- Work required:
Once you find the line with "SkyRoof – Roofing" in the data below, transcribe exactly each line from there to the line with "7月1日上午,医药股表现活跃", inclusive, and nothing else. Drop the pictures.

- Exercise material:

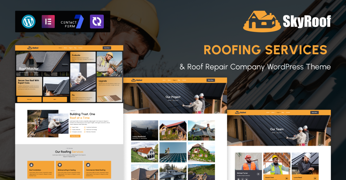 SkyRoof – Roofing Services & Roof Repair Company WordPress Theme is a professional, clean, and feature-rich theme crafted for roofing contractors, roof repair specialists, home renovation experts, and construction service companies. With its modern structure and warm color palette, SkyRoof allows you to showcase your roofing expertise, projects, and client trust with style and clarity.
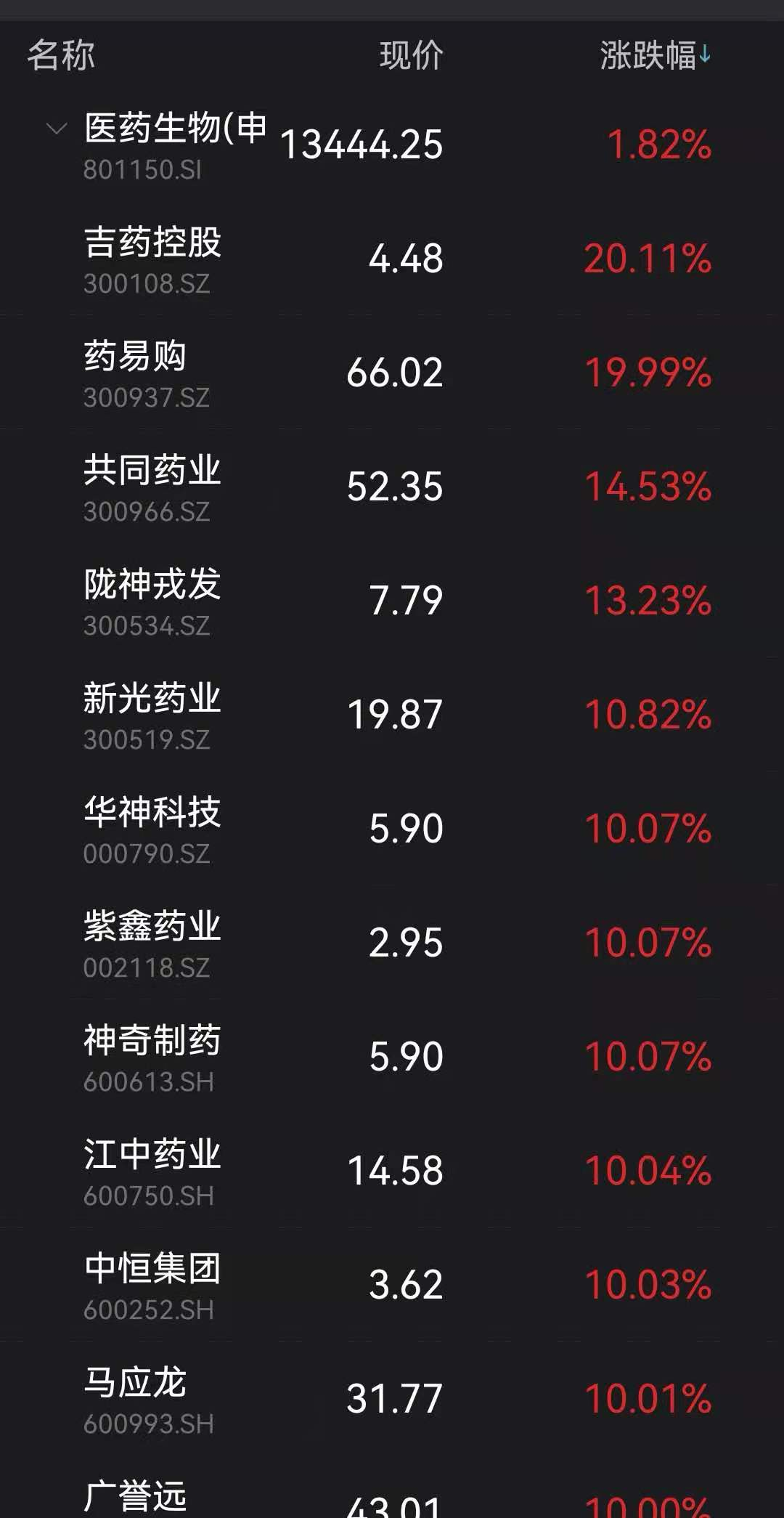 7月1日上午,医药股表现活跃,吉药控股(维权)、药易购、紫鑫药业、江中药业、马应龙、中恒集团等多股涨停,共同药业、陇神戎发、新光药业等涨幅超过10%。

==

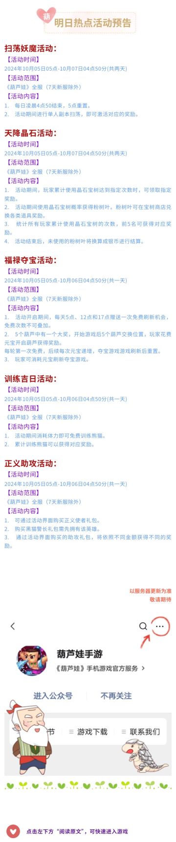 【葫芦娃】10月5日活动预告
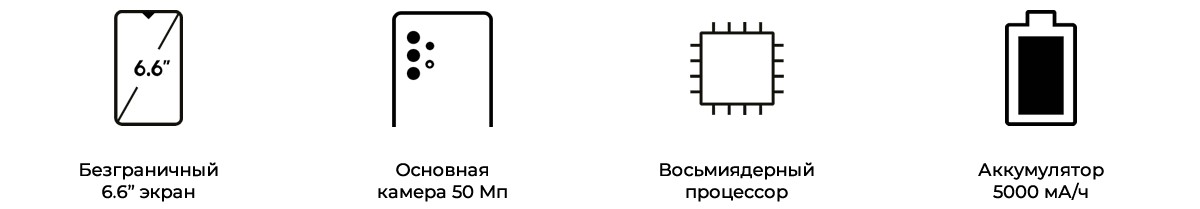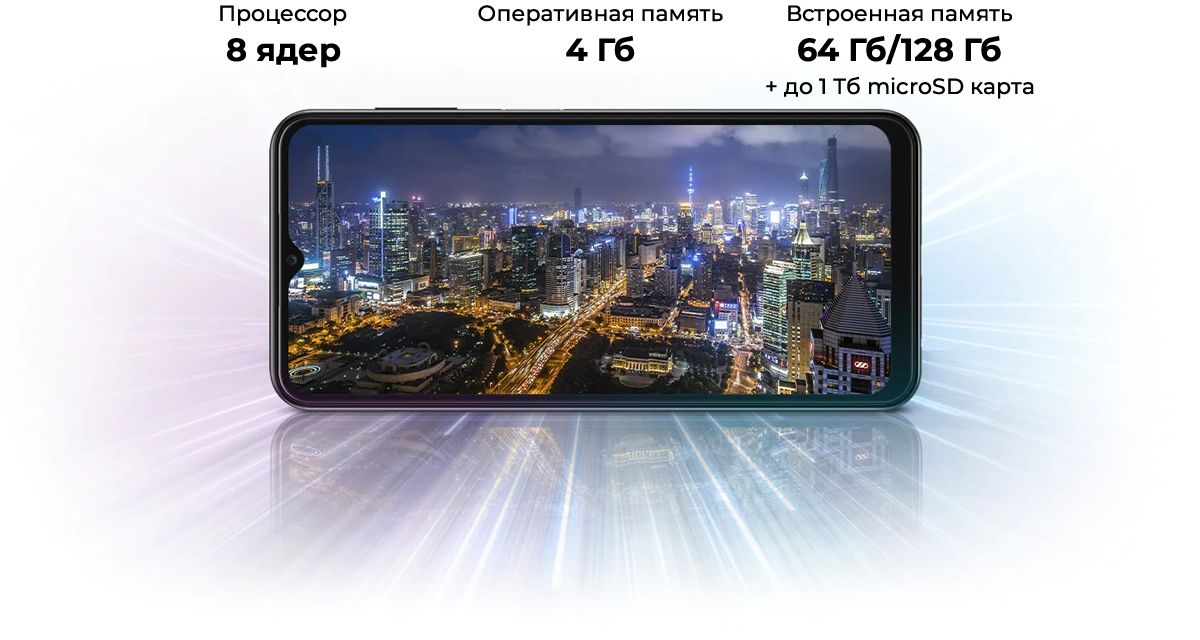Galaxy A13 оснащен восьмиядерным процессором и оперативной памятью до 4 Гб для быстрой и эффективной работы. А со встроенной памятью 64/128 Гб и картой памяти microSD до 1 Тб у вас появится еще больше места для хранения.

- Task response:
 SkyRoof – Roofing Services & Roof Repair Company WordPress Theme is a professional, clean, and feature-rich theme crafted for roofing contractors, roof repair specialists, home renovation experts, and construction service companies. With its modern structure and warm color palette, SkyRoof allows you to showcase your roofing expertise, projects, and client trust with style and clarity.
 7月1日上午,医药股表现活跃,吉药控股(维权)、药易购、紫鑫药业、江中药业、马应龙、中恒集团等多股涨停,共同药业、陇神戎发、新光药业等涨幅超过10%。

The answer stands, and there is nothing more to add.